How to complete this task: Would you transcribe exactly the lines from the beginning of the records below through the line with "Ofiara najpierw otrzymuje", both included, omitting the pictures?

Provided records:
::::

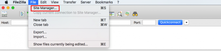 2-روی منوی file کلیک کنید و سپس گزینه site manager را انتخاب کنید.
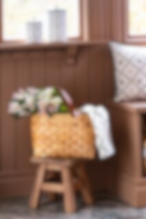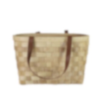 Rektangulär naturfärgad flätad korgväska med två läderhandtag. Perfekt att ta med till stranden eller picknicken.
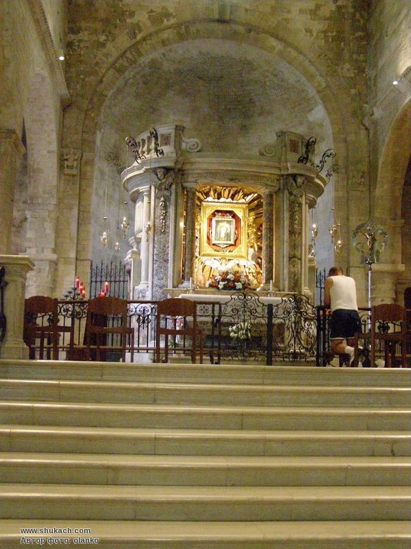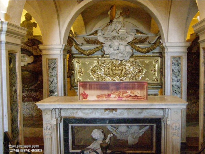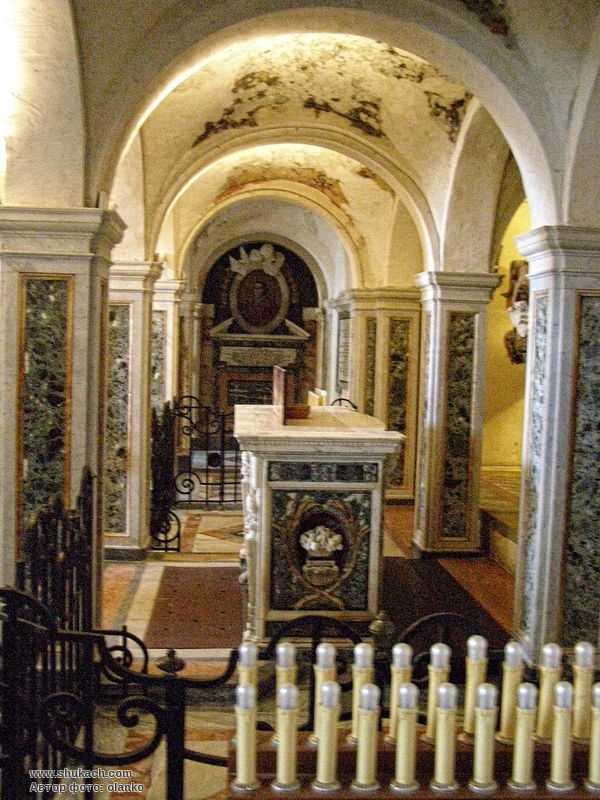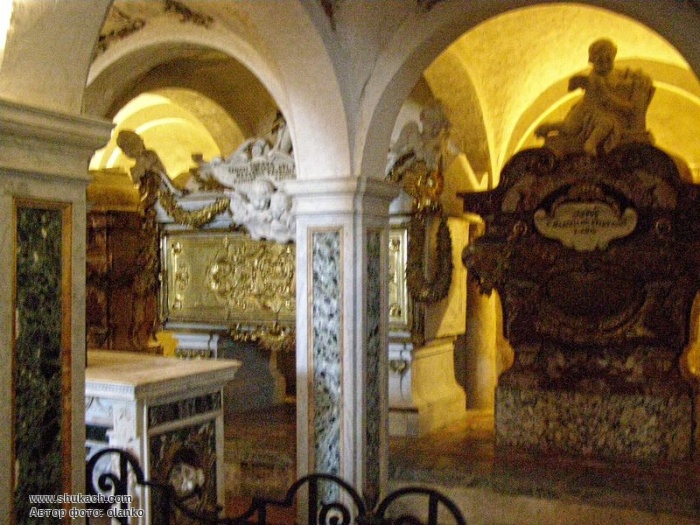 Під каплицею Мадонни знаходиться склеп з останками святого Кіріака (у мармуровому футлярі), святих Ліберія та Марцелліна (у сицилійській яшмі) та прахом святої Палатії. Урни з бронзовими гірляндами були спроектовані та виготовлені між 1757 та 1760 роками Джоаккіно Варле. У Склепі Сліз, відновленому після руйнувань Другої світової війни, знаходяться рештки стародавніх споруд.
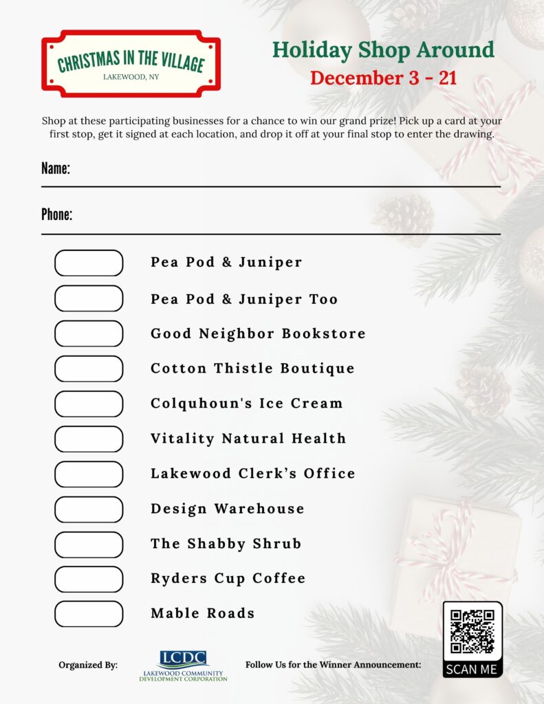 Tour the village on a festive sleigh ride and check off your Christmas list at Lakewood’s local shops along Chautauqua Ave!
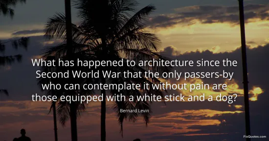 Levin, Bernard. "What has happened to architecture since the Second World War that the only passers-by who can contemplate it without pain are those equipped with a white stick and a dog?" FixQuotes. February 19, 2026. https://fixquotes.com/quotes/what-has-happened-to-architecture-since-the-40870/.
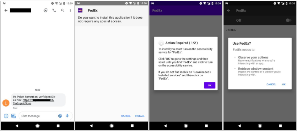 Ofiara najpierw otrzymuje wiadomość SMS od nadawcy, który podszywa się pod popularną markę, zajmującą się przewozem przesyłek i logistyką, taką jak FedEx, DHL, UPS. Hakerzy wykorzystują też marki lokalnych usługodawców (np. InPost w Polsce czy Correos w Hiszpanii). Wiadomość nakłania użytkownika Androida do kliknięcia łącza w celu pobrania i zainstalowania aplikacji, w której nazwie również pojawia się marka przewoźnika. W rzeczywistości to złośliwe oprogramowanie FluBot. Wiadomości SMS mają różną treść, np. „Twoja paczka jest w drodze, śledź ją tutaj (tu link)” lub „Nie byliśmy w stanie dostarczyć Twojej paczki. Kliknij, aby utworzyć nową datę dostawy (tu link)”. Z kolei mutacja kampanii wymierzona w posiadaczy telefonów z systemem iOS zawiera ankietę, która wyłudza dane, wyświetla fałszywą informację o wygranej i zachęca do opłacenia przesyłki z nagrodą.
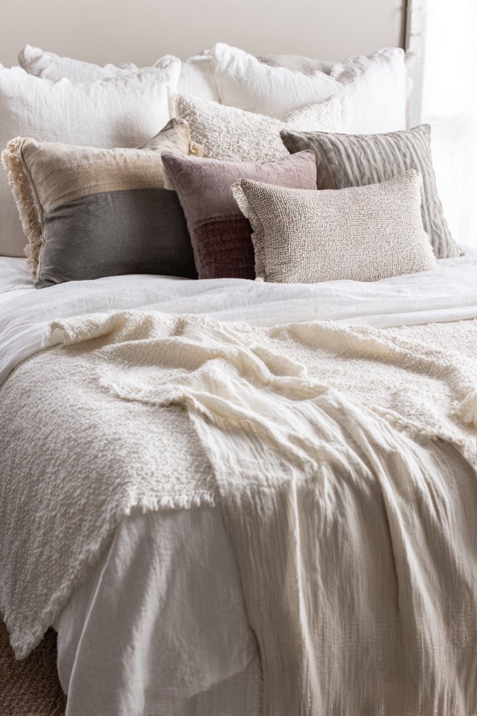 Imagine a bed dressed with a soft cream throw blanket with chunky knit texture, complemented by a variety of pillows in velvet, linen, and embroidered fabrics. The different textures catch the eye and invite touch, making the bed look more inviting. Colors like blush, taupe, and warm gray blend seamlessly for a sophisticated yet cozy vibe. The layered arrangement creates depth, making your bed the centerpiece of your sanctuary.
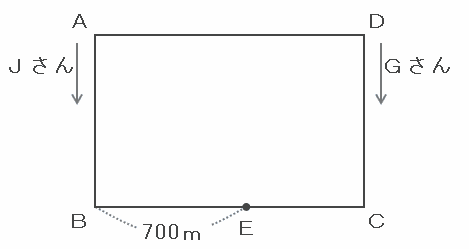 次の図のような、たてと横の長さの比が3:5の長方形の形をしたランニングコースを、JさんはA地点から反時計回りに、GさんはD地点から時計回りに同時に出発し、2周しました。
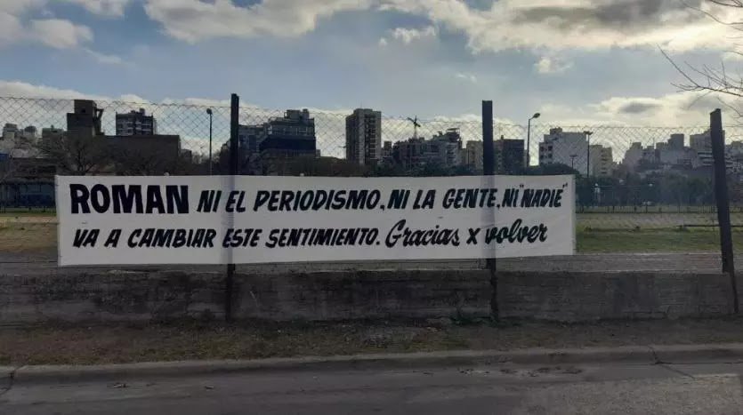 Luego de las polémicas declaraciones del presidente Ameal, esta tarde en casa amarilla volvió a aparecer un cartel pero esta vez en apoyo al vicepresidente Juan Román Riquelme en todos estos conflictos que vive el club azul y oro. “ROMAN ni el periodismo, ni la gente ni nadie va a cambiar este sentimiento. Gracias por volver”.

::::

Answer to the exercise:
 2-روی منوی file کلیک کنید و سپس گزینه site manager را انتخاب کنید.
 Rektangulär naturfärgad flätad korgväska med två läderhandtag. Perfekt att ta med till stranden eller picknicken.
 Під каплицею Мадонни знаходиться склеп з останками святого Кіріака (у мармуровому футлярі), святих Ліберія та Марцелліна (у сицилійській яшмі) та прахом святої Палатії. Урни з бронзовими гірляндами були спроектовані та виготовлені між 1757 та 1760 роками Джоаккіно Варле. У Склепі Сліз, відновленому після руйнувань Другої світової війни, знаходяться рештки стародавніх споруд.
 Tour the village on a festive sleigh ride and check off your Christmas list at Lakewood’s local shops along Chautauqua Ave!
 Levin, Bernard. "What has happened to architecture since the Second World War that the only passers-by who can contemplate it without pain are those equipped with a white stick and a dog?" FixQuotes. February 19, 2026. https://fixquotes.com/quotes/what-has-happened-to-architecture-since-the-40870/.
 Ofiara najpierw otrzymuje wiadomość SMS od nadawcy, który podszywa się pod popularną markę, zajmującą się przewozem przesyłek i logistyką, taką jak FedEx, DHL, UPS. Hakerzy wykorzystują też marki lokalnych usługodawców (np. InPost w Polsce czy Correos w Hiszpanii). Wiadomość nakłania użytkownika Androida do kliknięcia łącza w celu pobrania i zainstalowania aplikacji, w której nazwie również pojawia się marka przewoźnika. W rzeczywistości to złośliwe oprogramowanie FluBot. Wiadomości SMS mają różną treść, np. „Twoja paczka jest w drodze, śledź ją tutaj (tu link)” lub „Nie byliśmy w stanie dostarczyć Twojej paczki. Kliknij, aby utworzyć nową datę dostawy (tu link)”. Z kolei mutacja kampanii wymierzona w posiadaczy telefonów z systemem iOS zawiera ankietę, która wyłudza dane, wyświetla fałszywą informację o wygranej i zachęca do opłacenia przesyłki z nagrodą.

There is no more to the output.